WHAT IS NEEDED :: Restate the entries word for word and skip every image.
(SUPPLIED DATA)
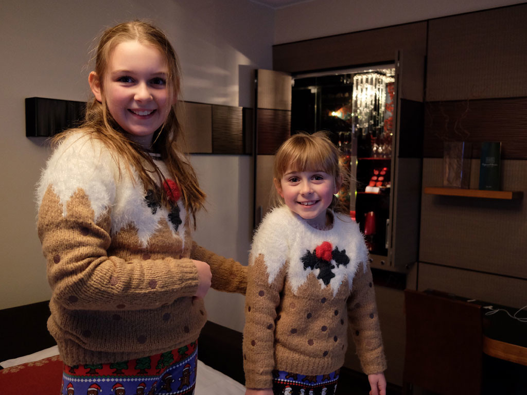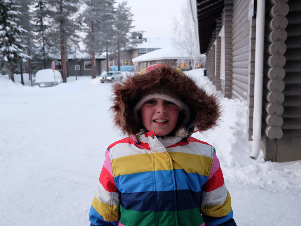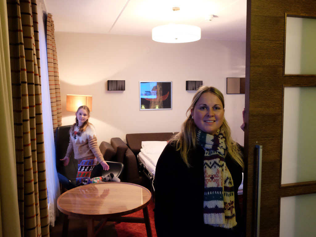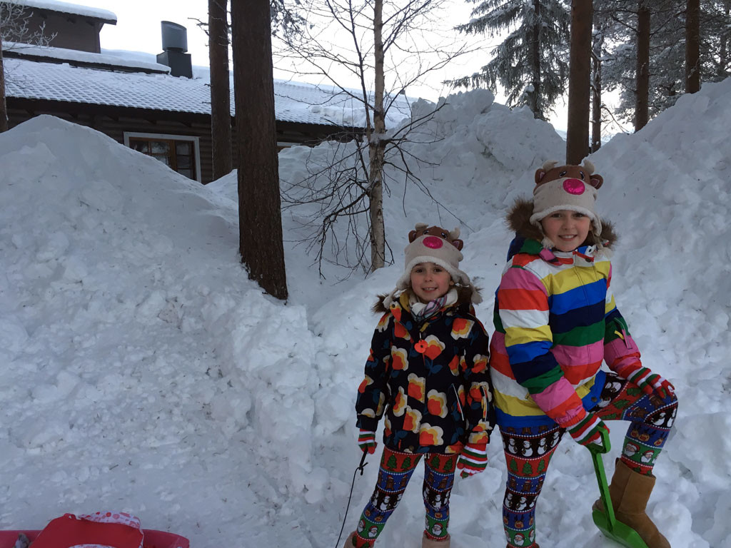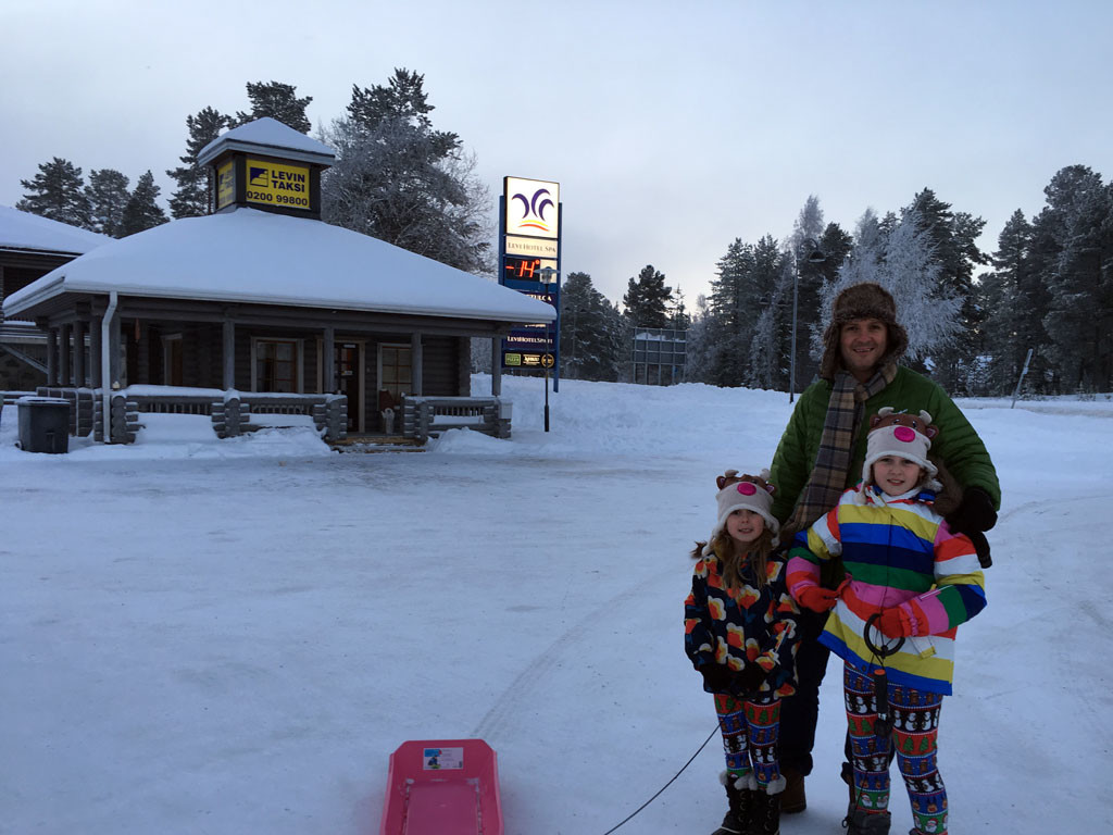 The hotel reception and restaurants are in a separate building a short walk from the rooms and the girls excitedly picked up two complimentary sledges which are dotted around the hotel for guests to use. In deep snow and -17 temperatures we used the sledges to help transfer our luggage to our room – we were in Lapland after all.
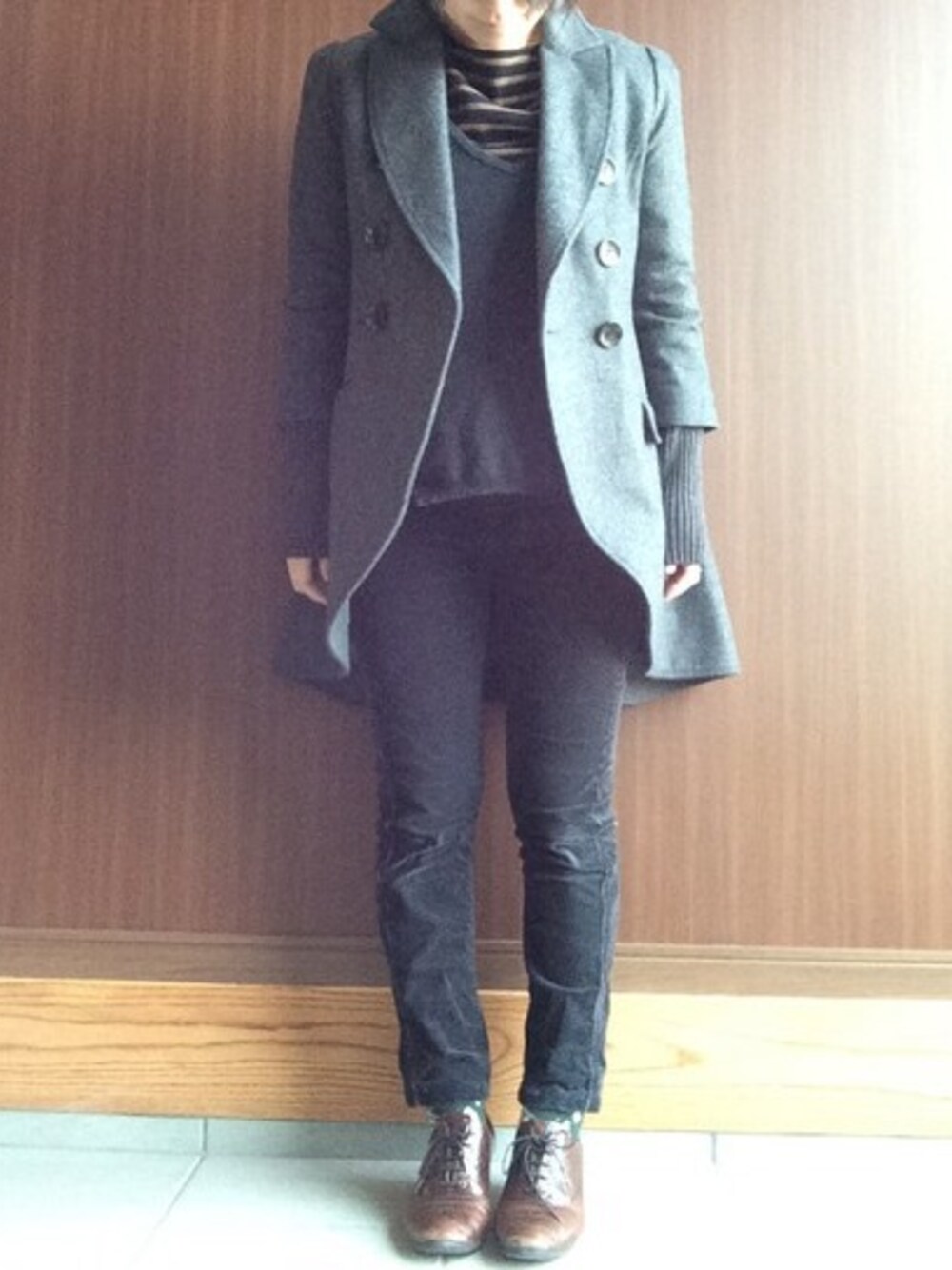 妊婦用の黒スキニーはコーデュロイで履きやすくて重宝してます。…でもパンパン 笑 そしてセールで買ったばかりのボーダーカットソーも、既にパンパン…笑
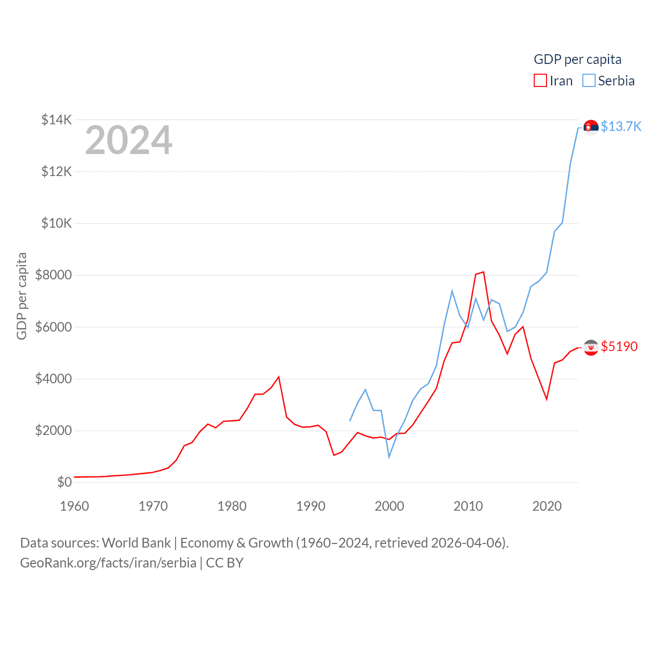 By GDP, Iran ranks 34/197 ($475B) and Serbia ranks 76/197 ($90.1B). By GDP per capita, Iran ranks 119/197 ($5,190), while Serbia ranks 73/197 ($13,679).
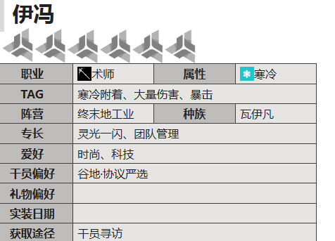 明日方舟终末地伊冯作为六星干员,凭借其融合科技与寒霜的战斗体系,迅速成为高人气输出核心。她兼具时尚气质与战术深度,技能机制围绕“寒冷附着—冻结控制—重击爆发”形成严密逻辑链,为玩家提供兼具策略性与爽快感的作战体验。
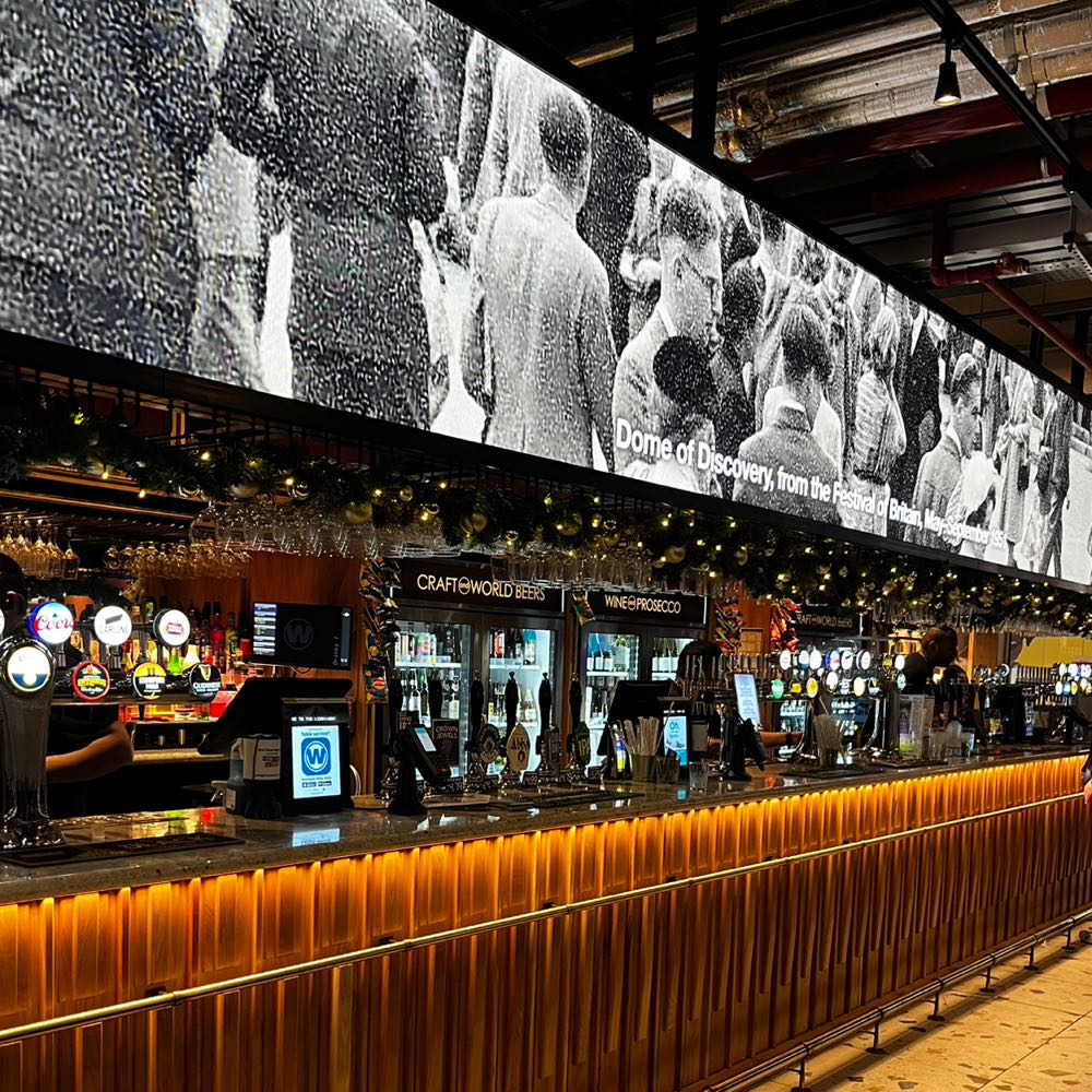First visit, probably wont be my last! Functional and very JDW-esque. Love that they’re selling a choice of 3 Brewdogs for less than you pay in their ‘flagship’ bar next door… but at least you can get cask ale here. Superb digital screen above the bar.
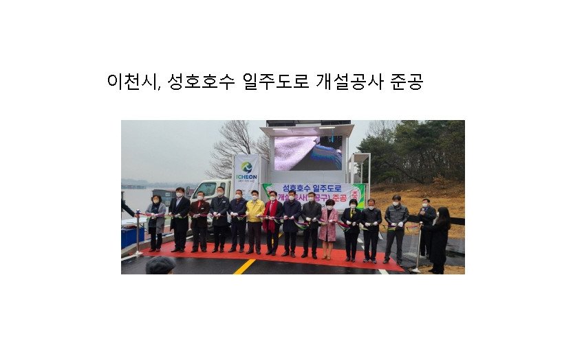 경기 이천시(시장 엄태준)는 설성면 장천리 일원의 성호호수 일주도로 전 구간을 12월 10일 개통하고 준공식을 개최했다.32만㎡ 규모의 성호호수는 5만㎡ 면적의 연꽃단지가 조성된 …
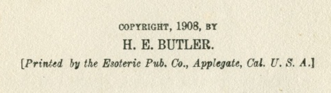 [Printed by the Esoteric Pub. Co., Applegate, Calif., U. S. A.]
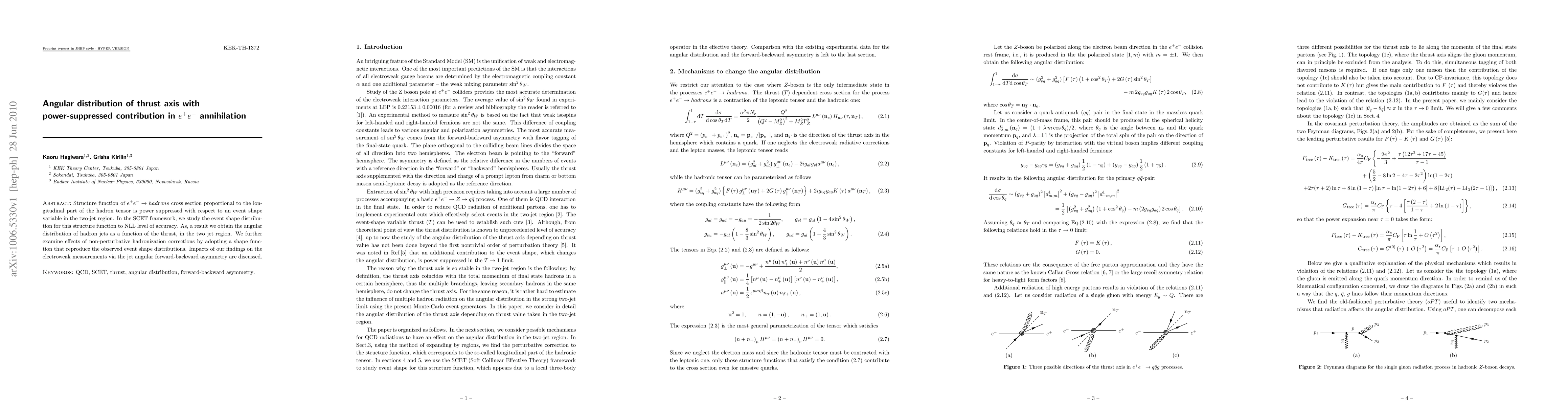 This paper investigates the angular distribution of thrust axis in e+e- annihilation, focusing on the structure function's power-suppressed contribution in the two-jet region. Using the SCET framework, it achieves NLL accuracy and examines non-perturbative corrections, ultimately discussing implications for electroweak measurements through jet angular asymmetry.
(End SUPPLIED DATA)
YOUR RESPONSE ::
 The hotel reception and restaurants are in a separate building a short walk from the rooms and the girls excitedly picked up two complimentary sledges which are dotted around the hotel for guests to use. In deep snow and -17 temperatures we used the sledges to help transfer our luggage to our room – we were in Lapland after all.
 妊婦用の黒スキニーはコーデュロイで履きやすくて重宝してます。…でもパンパン 笑 そしてセールで買ったばかりのボーダーカットソーも、既にパンパン…笑
 By GDP, Iran ranks 34/197 ($475B) and Serbia ranks 76/197 ($90.1B). By GDP per capita, Iran ranks 119/197 ($5,190), while Serbia ranks 73/197 ($13,679).
 明日方舟终末地伊冯作为六星干员,凭借其融合科技与寒霜的战斗体系,迅速成为高人气输出核心。她兼具时尚气质与战术深度,技能机制围绕“寒冷附着—冻结控制—重击爆发”形成严密逻辑链,为玩家提供兼具策略性与爽快感的作战体验。
First visit, probably wont be my last! Functional and very JDW-esque. Love that they’re selling a choice of 3 Brewdogs for less than you pay in their ‘flagship’ bar next door… but at least you can get cask ale here. Superb digital screen above the bar.
 경기 이천시(시장 엄태준)는 설성면 장천리 일원의 성호호수 일주도로 전 구간을 12월 10일 개통하고 준공식을 개최했다.32만㎡ 규모의 성호호수는 5만㎡ 면적의 연꽃단지가 조성된 …
 [Printed by the Esoteric Pub. Co., Applegate, Calif., U. S. A.]
 This paper investigates the angular distribution of thrust axis in e+e- annihilation, focusing on the structure function's power-suppressed contribution in the two-jet region. Using the SCET framework, it achieves NLL accuracy and examines non-perturbative corrections, ultimately discussing implications for electroweak measurements through jet angular asymmetry.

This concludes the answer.